Eyes closed. Darkness behind my eyelids.

How would we know when we'd been sent to the past to die?

Then we heard how Angels shriek.

High pitched and echoing around the artificial cave, and unmistakably a cry of agony and anguish. I couldn't help myself; I turned back on my torch to see what had happened.

The Angel nearest the entrance was curled up on the floor, frozen in a fetal position in a way that agreed with my assessment that it was in pain. It had grabbed the monster—I'll call it was it is—yet somehow of course it was still here, in the present. It also had a large lump on its neck, about the size of a teacup, that looked perfectly smooth rendered in stone. I'm sure that hadn't been there before. The other was covering its eyes, in mid-stride running towards its companion, presumably to help.

The stone clasp of the first Angel had trapped the monster. It was looking down at its manacled leg in apparent confusion.

"Let's get out of here," White said, shakily.

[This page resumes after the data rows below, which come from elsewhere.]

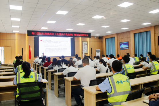 為深入學習貫徹黨的二十大精神,推動二十大精神迅速走深走實,11月11日,中建一局北京公司海口國際免稅城項目黨支部聯合中免(海口)投資發展有限公司黨支部共同開展黨建聯創活動暨“共學黨章修正案,做新時代合格共產黨員”主題黨課,通過學原文、悟原理,深刻領會黨章修正案的內容和意義,做到真學真懂、篤信篤用。雙方黨員、積極分子、青年骨干及農民工代表60余人參加了此次活動。
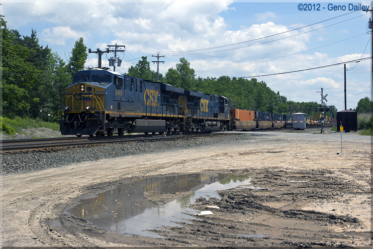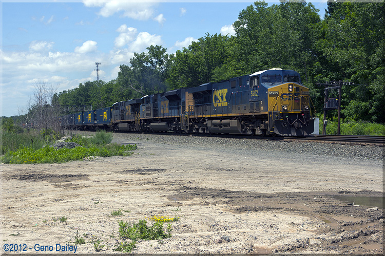 The train hiding on the siding to the left of the photo is CSX Train Q-287 waiting for a signal to head west.
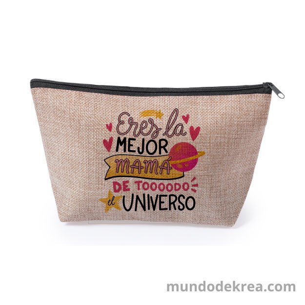 Estuche de poliéster color yute natural con cremallera, sublimado a todo color.
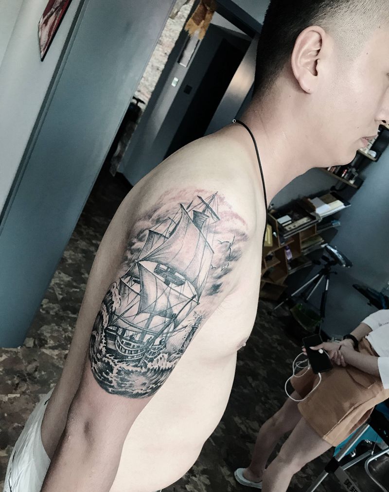 当前位置: 首页 >河北省秦皇岛市纹身店-纹尊堂刺青纹身图案>帆船纹身图片_手臂欧美写实纹身图案
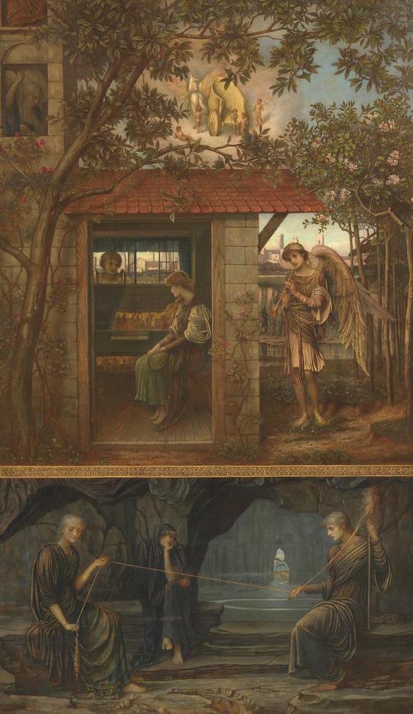 The influence of Edward Burne-Jones is even more clearly seen here than in many of Strudwick's other paintings. The Fates was one of a number of classical paintings Burne-Jones started in the 1860s. He began it in 1865, made several studies for it, and then abandoned the project temporarily. He returned to it in the early 1870s, when he made numerous pencil sketches for this subject. The painting was never carried further, however. The car of Love in the upper centre of Strudwick's picture also reveals the impact of Burne-Jones's work: his painting The Car of Love (Love's Wayfaring), now in the Victoria and Albert Museum, dates from c.1891-98 but earlier projects like The Triumph of Love (The Passing of Venus), first designed as a project for tiles for M.M.F. & Co., dates as far back as 1861.
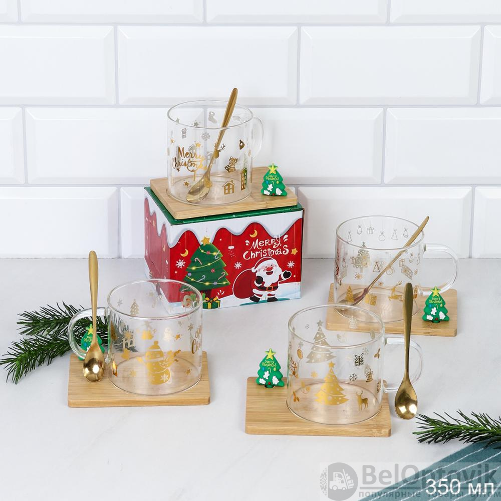 Чайный набор 2 предмета кружка 350 мл с ложкой на деревянной подставке АКЦИЯ / HB-B5023 /уп 80/
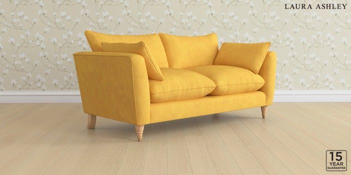 6.12.1 Buy Casterton by Laura Ashley 3 Seater Small Sofa Bainton Ochre Yellow Low Turned - Light Oak from the Next UK online shop Click here to use our accessible website
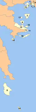 | Municipio | Nombre en griego | Capital (si es distinta) | Código YPES |
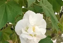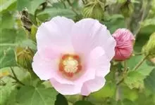 海滨木槿是锦葵科木槿属植物,落叶小乔木,株高3-5米,胸径20厘米,扁球形树冠,枝叶繁盛。厚纸质单叶互生,扁圆形、倒卵形或宽倒卵形,先端钝近平,具短突尖,基部圆形或浅心形,叶缘中上部具细圆齿,…全部>>
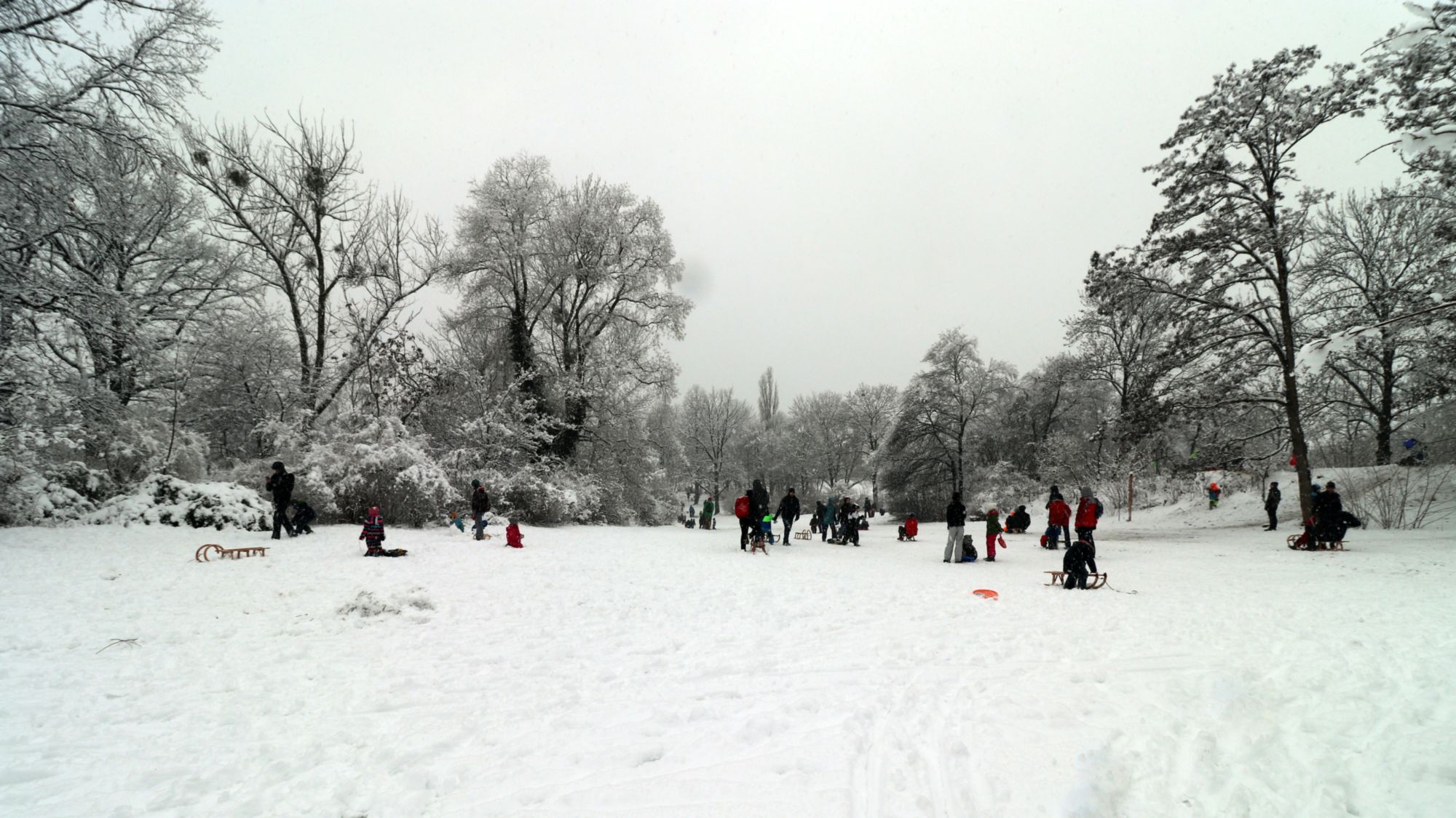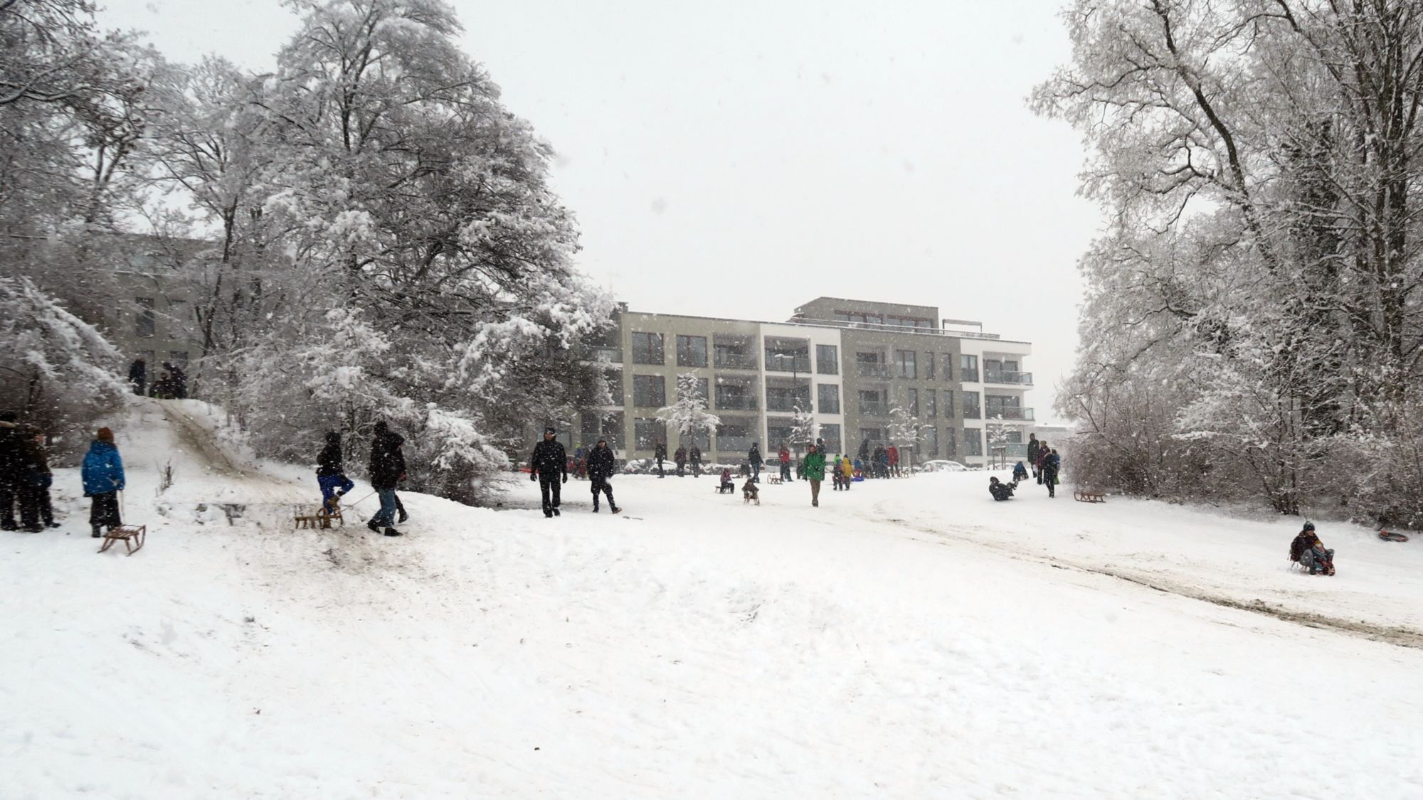 Der kleine Rodelhang war stark besucht, einzelne Langläufer tourten über den Platz und Schneemänner und Schneefrauen und Iglus wurden haufenweise gebaut. Der sehr feuchte Schnee pappt aber auch prima.

We edged around the wall, keeping our eyes on a mix of the monster and the two Angels. The monster, just a couple of metres away from us, now looked up at us curiously as Gabriel, Rafiq and then White moved past it. The clown grin continued to unnerve me, but I happened to glance down to one of the yellow patches on its torso, which had turned from a smooth shiny circle into an engorged pustule with a bright green pellet, the same colour as its eyes, on the surface.

Before I could say anything, the monster somehow ejected the pustule from its body and it flew like a spoonful of mashed potato flung across a canteen, splatting onto White's exposed neck. She made a gargle of disgust and tried to wipe it off, but it seemed to be covered in a gelatinous outer layer and wouldn't budge.

"Ew, fuck, what is this?" She cried with horror.

"Never mind that," I said, "Let's get out of here and clean you up when we're clear."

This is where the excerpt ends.